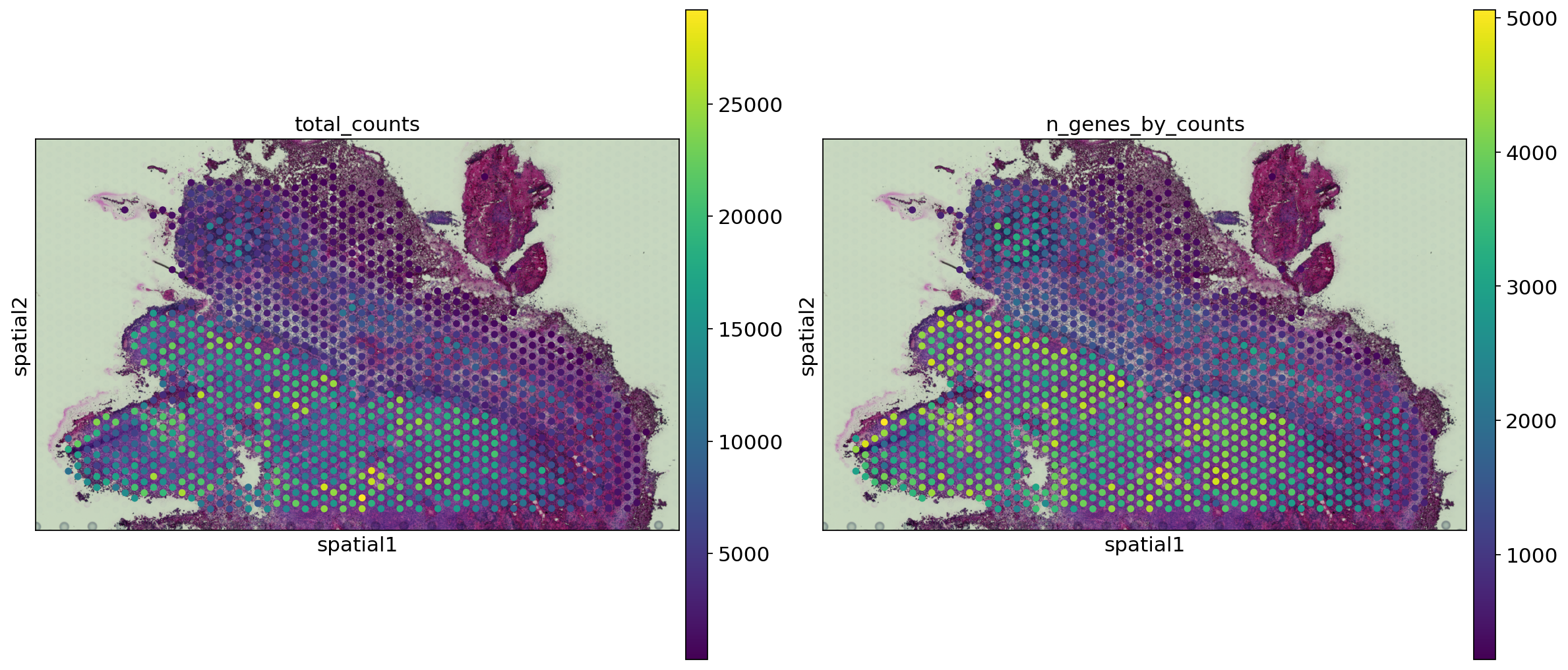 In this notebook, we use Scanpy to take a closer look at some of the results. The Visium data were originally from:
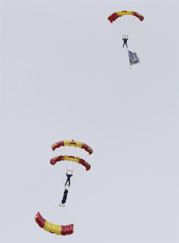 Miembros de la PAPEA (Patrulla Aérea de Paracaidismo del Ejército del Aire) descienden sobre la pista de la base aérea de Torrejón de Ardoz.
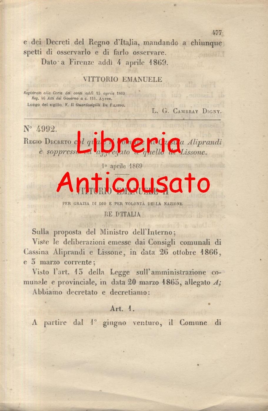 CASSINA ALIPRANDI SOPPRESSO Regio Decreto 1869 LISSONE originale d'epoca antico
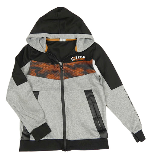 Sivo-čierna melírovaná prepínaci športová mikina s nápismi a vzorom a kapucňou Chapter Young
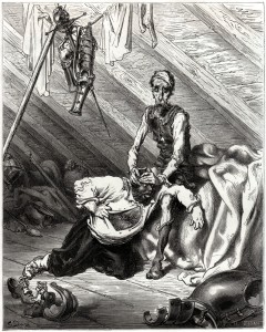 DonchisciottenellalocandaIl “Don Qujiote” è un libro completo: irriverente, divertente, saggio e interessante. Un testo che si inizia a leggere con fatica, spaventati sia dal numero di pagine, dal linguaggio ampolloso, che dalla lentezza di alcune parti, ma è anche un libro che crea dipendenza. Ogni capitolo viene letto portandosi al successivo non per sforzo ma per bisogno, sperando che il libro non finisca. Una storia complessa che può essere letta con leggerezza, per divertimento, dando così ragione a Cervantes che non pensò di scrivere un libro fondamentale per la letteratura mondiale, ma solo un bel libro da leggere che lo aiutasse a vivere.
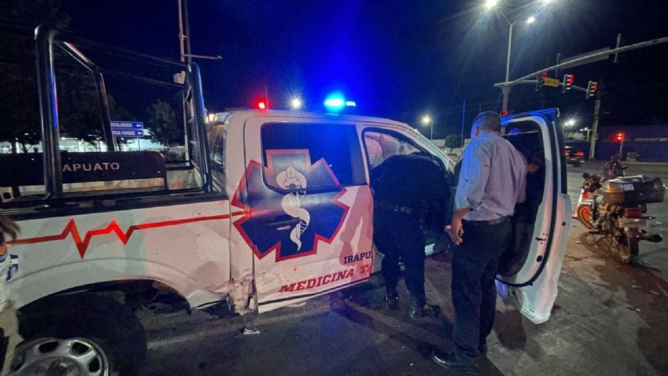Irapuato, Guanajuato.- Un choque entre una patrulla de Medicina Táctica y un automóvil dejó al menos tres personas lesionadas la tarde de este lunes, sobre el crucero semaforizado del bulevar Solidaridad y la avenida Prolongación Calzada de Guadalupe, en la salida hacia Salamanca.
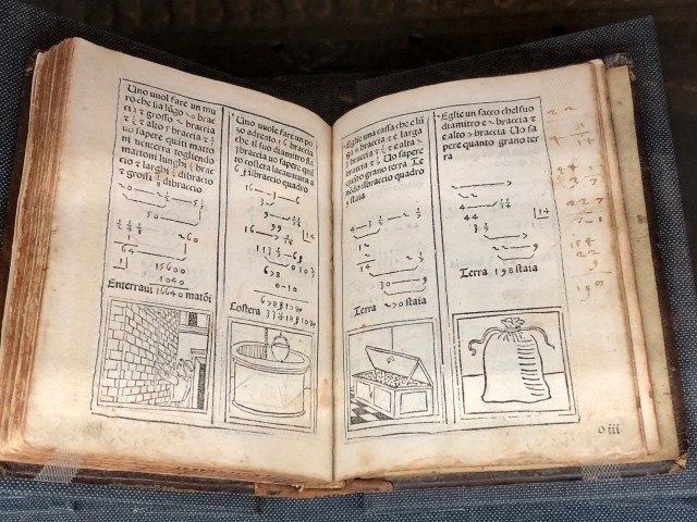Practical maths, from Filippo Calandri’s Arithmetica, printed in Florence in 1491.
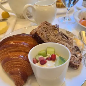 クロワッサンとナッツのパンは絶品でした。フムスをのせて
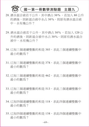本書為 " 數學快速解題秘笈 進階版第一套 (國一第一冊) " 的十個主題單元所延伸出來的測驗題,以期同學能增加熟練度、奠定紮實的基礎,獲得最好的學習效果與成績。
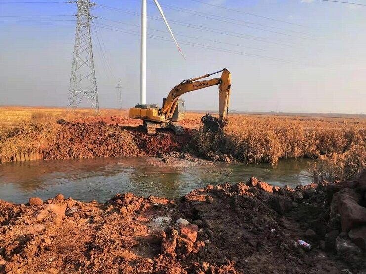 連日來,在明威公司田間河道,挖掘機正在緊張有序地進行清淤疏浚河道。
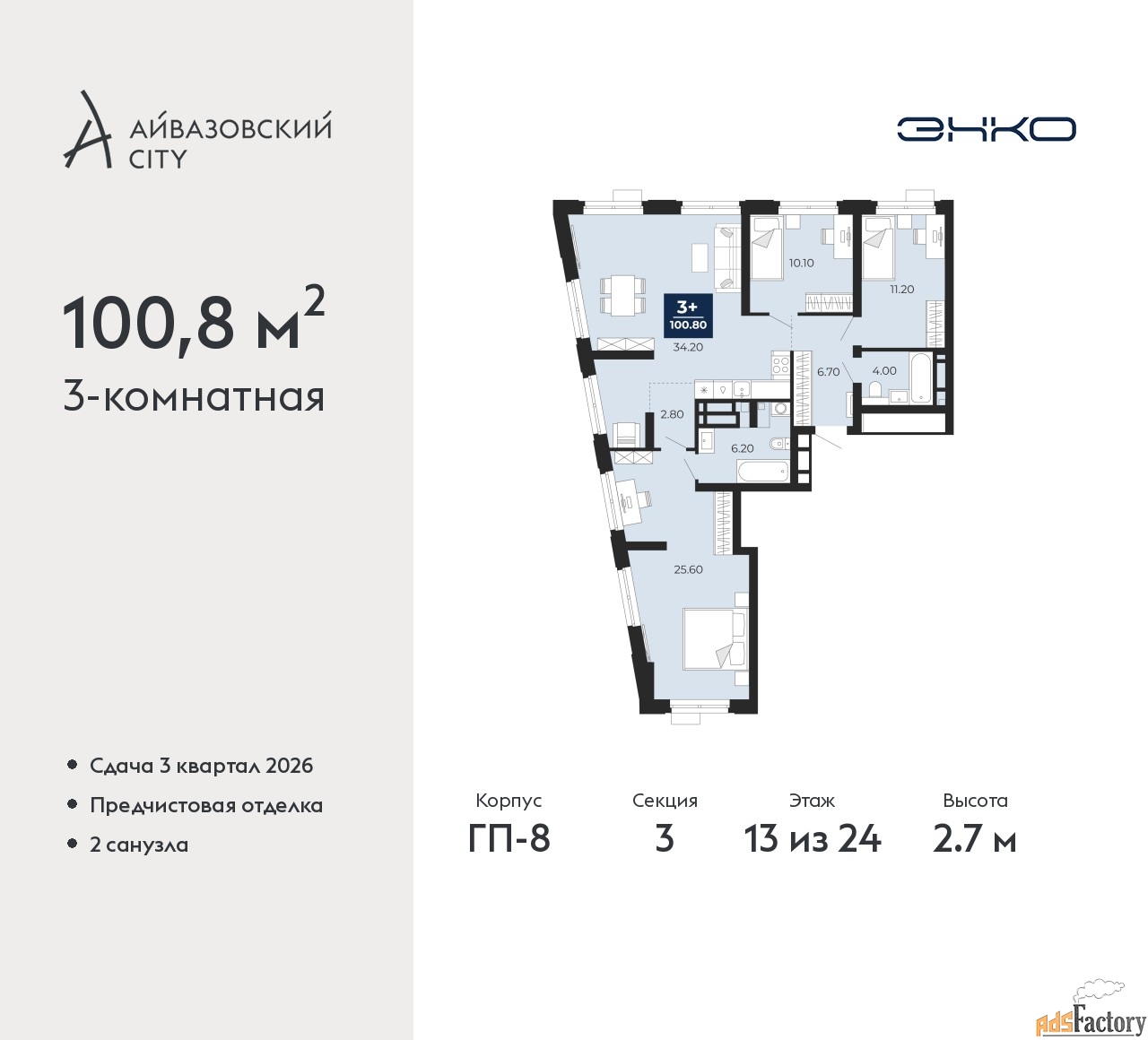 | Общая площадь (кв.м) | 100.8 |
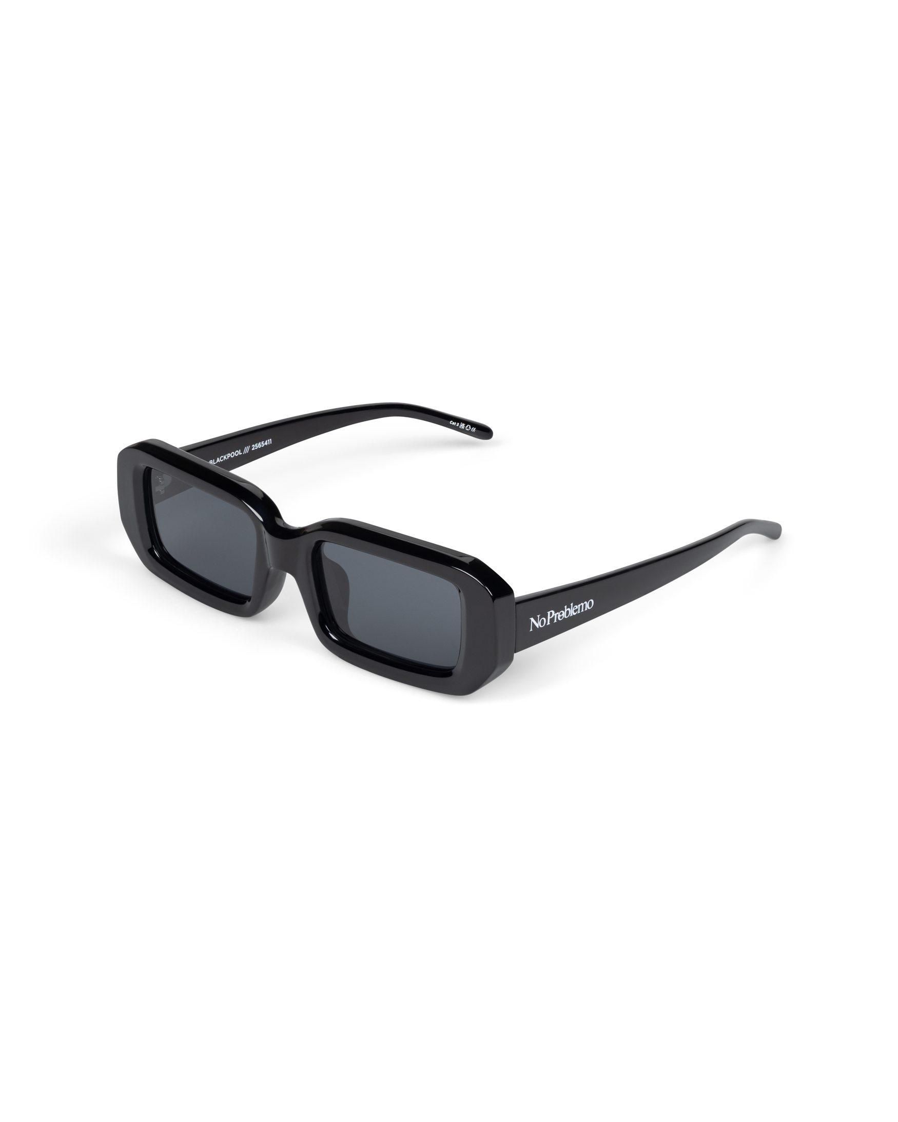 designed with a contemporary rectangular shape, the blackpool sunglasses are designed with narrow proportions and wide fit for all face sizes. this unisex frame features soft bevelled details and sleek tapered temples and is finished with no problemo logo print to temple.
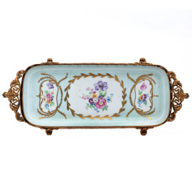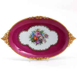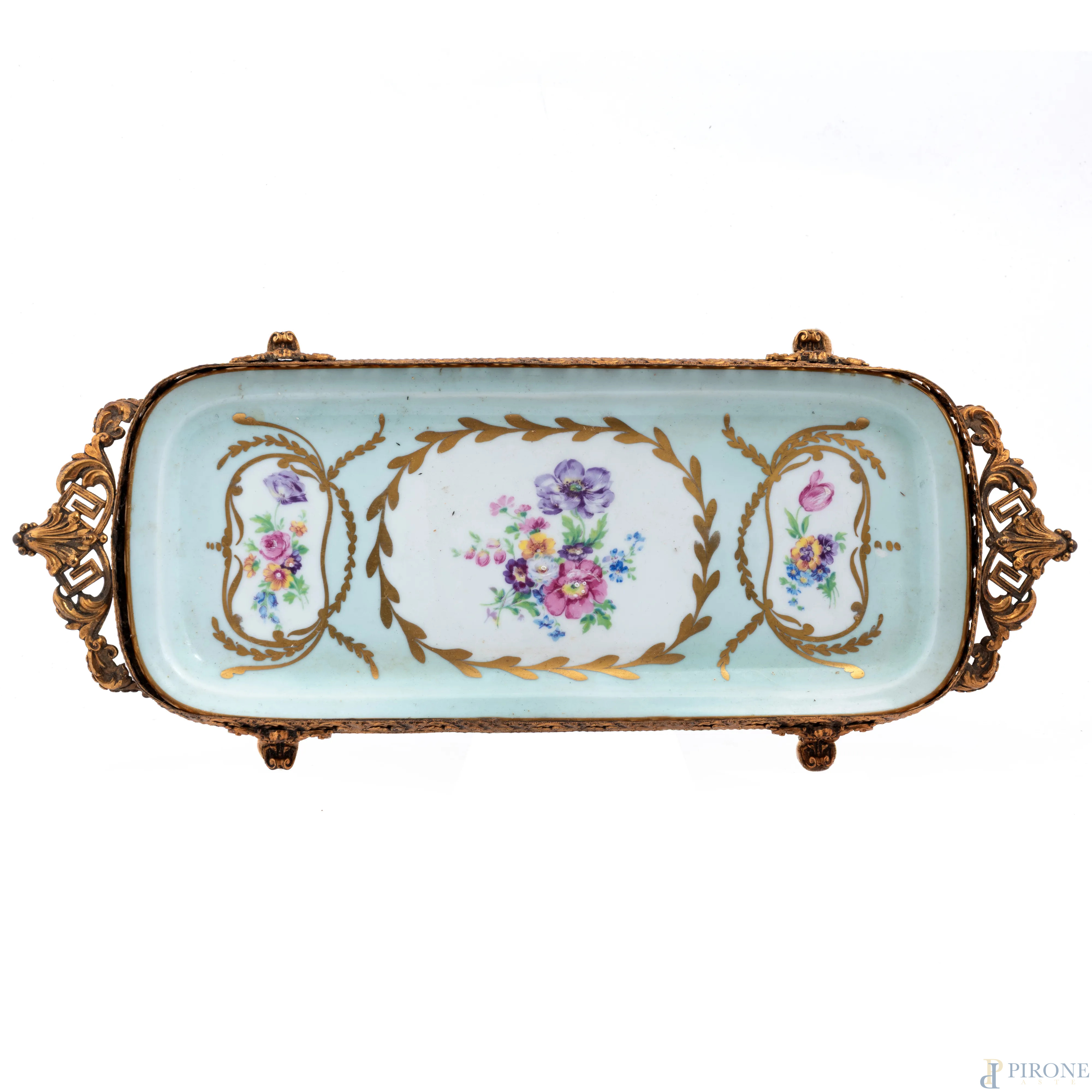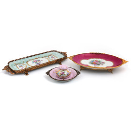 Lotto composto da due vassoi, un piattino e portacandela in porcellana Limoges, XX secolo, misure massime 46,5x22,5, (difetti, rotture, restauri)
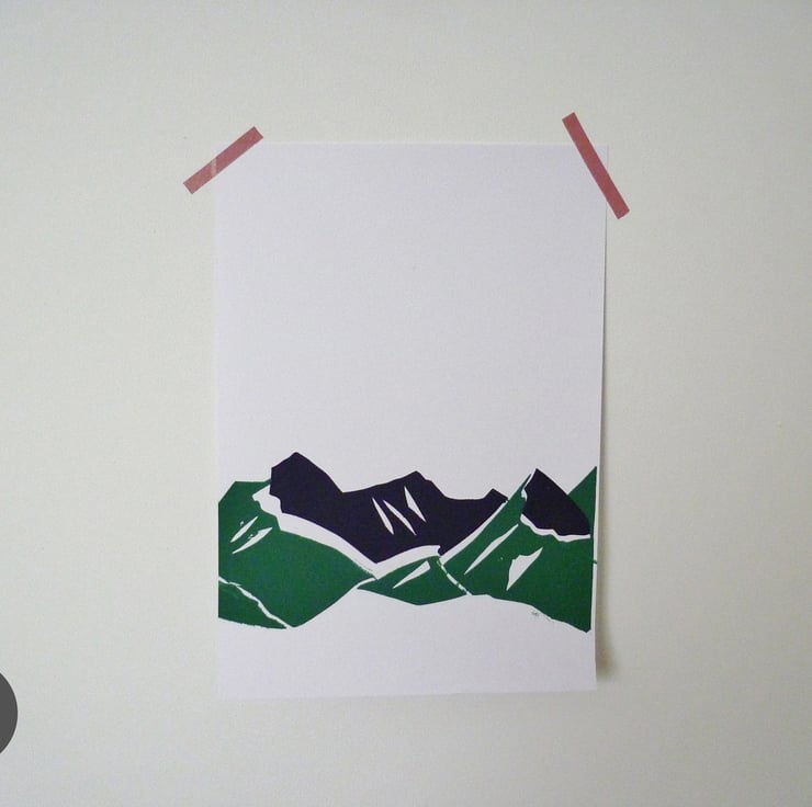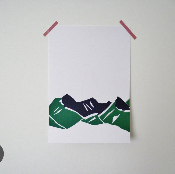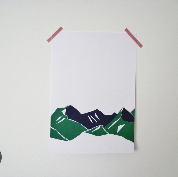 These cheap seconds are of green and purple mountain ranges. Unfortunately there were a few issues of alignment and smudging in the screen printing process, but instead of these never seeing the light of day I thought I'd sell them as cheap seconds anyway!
^^^^^^^^^^^^^^^^
» PROBLEM
Pictures aside, reproduce all of the data exactly.

» EXERCISE RESULT
 In this notebook, we use Scanpy to take a closer look at some of the results. The Visium data were originally from:
 Miembros de la PAPEA (Patrulla Aérea de Paracaidismo del Ejército del Aire) descienden sobre la pista de la base aérea de Torrejón de Ardoz.
 CASSINA ALIPRANDI SOPPRESSO Regio Decreto 1869 LISSONE originale d'epoca antico
 Sivo-čierna melírovaná prepínaci športová mikina s nápismi a vzorom a kapucňou Chapter Young
 DonchisciottenellalocandaIl “Don Qujiote” è un libro completo: irriverente, divertente, saggio e interessante. Un testo che si inizia a leggere con fatica, spaventati sia dal numero di pagine, dal linguaggio ampolloso, che dalla lentezza di alcune parti, ma è anche un libro che crea dipendenza. Ogni capitolo viene letto portandosi al successivo non per sforzo ma per bisogno, sperando che il libro non finisca. Una storia complessa che può essere letta con leggerezza, per divertimento, dando così ragione a Cervantes che non pensò di scrivere un libro fondamentale per la letteratura mondiale, ma solo un bel libro da leggere che lo aiutasse a vivere.
Irapuato, Guanajuato.- Un choque entre una patrulla de Medicina Táctica y un automóvil dejó al menos tres personas lesionadas la tarde de este lunes, sobre el crucero semaforizado del bulevar Solidaridad y la avenida Prolongación Calzada de Guadalupe, en la salida hacia Salamanca.
Practical maths, from Filippo Calandri’s Arithmetica, printed in Florence in 1491.
 クロワッサンとナッツのパンは絶品でした。フムスをのせて
本書為 " 數學快速解題秘笈 進階版第一套 (國一第一冊) " 的十個主題單元所延伸出來的測驗題,以期同學能增加熟練度、奠定紮實的基礎,獲得最好的學習效果與成績。
 連日來,在明威公司田間河道,挖掘機正在緊張有序地進行清淤疏浚河道。
 | Общая площадь (кв.м) | 100.8 |
 designed with a contemporary rectangular shape, the blackpool sunglasses are designed with narrow proportions and wide fit for all face sizes. this unisex frame features soft bevelled details and sleek tapered temples and is finished with no problemo logo print to temple.
 Lotto composto da due vassoi, un piattino e portacandela in porcellana Limoges, XX secolo, misure massime 46,5x22,5, (difetti, rotture, restauri)
 These cheap seconds are of green and purple mountain ranges. Unfortunately there were a few issues of alignment and smudging in the screen printing process, but instead of these never seeing the light of day I thought I'd sell them as cheap seconds anyway!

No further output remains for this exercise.